Diğer memelilere göre bilgi toplama konusunda daha az başarılıdır. Biz belki eğitimle bir Cabarnet Sauvignon’u Merlot’dan veya Kalecik Karası’ndan ayırabiliyoruz. Ama eminim köpekler şarap içseydi daha ilk yudumda bırakın üzümün cinsini, üzümün geldiği mahalleyi hatta salkımların kesim tarihini ayı, yılı ve günüyle söylerdi. Çünkü köpeklerin koku alma duyularının keskinliği insanlarınkinin bir milyon katıdır.Yanlış okumadınız bir milyon. Bizim koku alma reseptörü genlerimiz tüm duyu reseptörü genlerimizin sadece yüzde 3’ü. Yani kokuya, insan genetiğinde az yer verilmiş durumda.

Bunu geliştirmenin en güzel yolu bol bol şarap koklayıp koku kütüphanemizi zenginleştirmekte yatıyor. İnsanların, burunlarındaki 400 algılayıcı protein sayesinde, 10 bin değişik kokuyu birbirinden ayırt edebilme yeteneklerinin var olduğu kabul edilir. İnsanların koku alma yetenekleri arasında büyük farklılıklar vardır.

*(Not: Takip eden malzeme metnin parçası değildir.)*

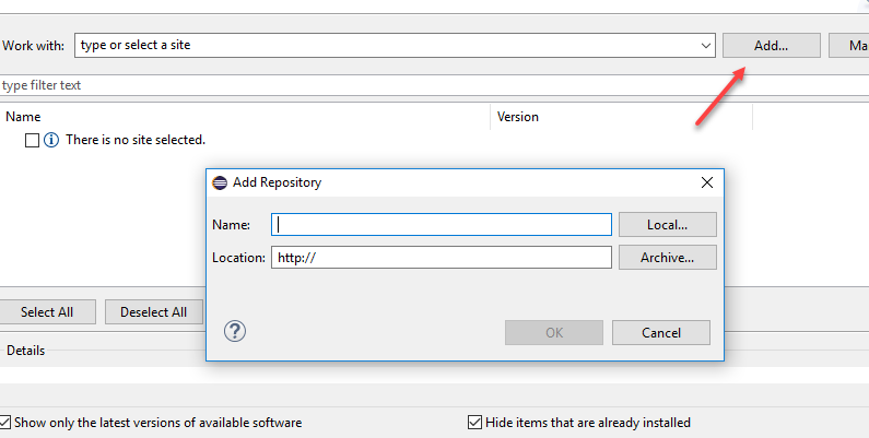 code-insight-eclipse-scanfolder from theCodeInsight``version``Plugins.zipfile and have placed it in a location accessible to your environment. For more information, see Downloading Plugins. - Open Eclipse, and select Help | Install New Software .

Bunun genetik nedenlere bağlı olduğuna dair bir bilgiye henüz ulaşılmamıştır. “Renkler ve zevkler tartışılmaz” derken “Kokular ve tatlar tartışılmaz” da diyebiliriz.Demesine diyebiliriz ama demiyoruz, tam tersine bol bol tartışıyor ve bundan büyük bir zevk alıyoruz.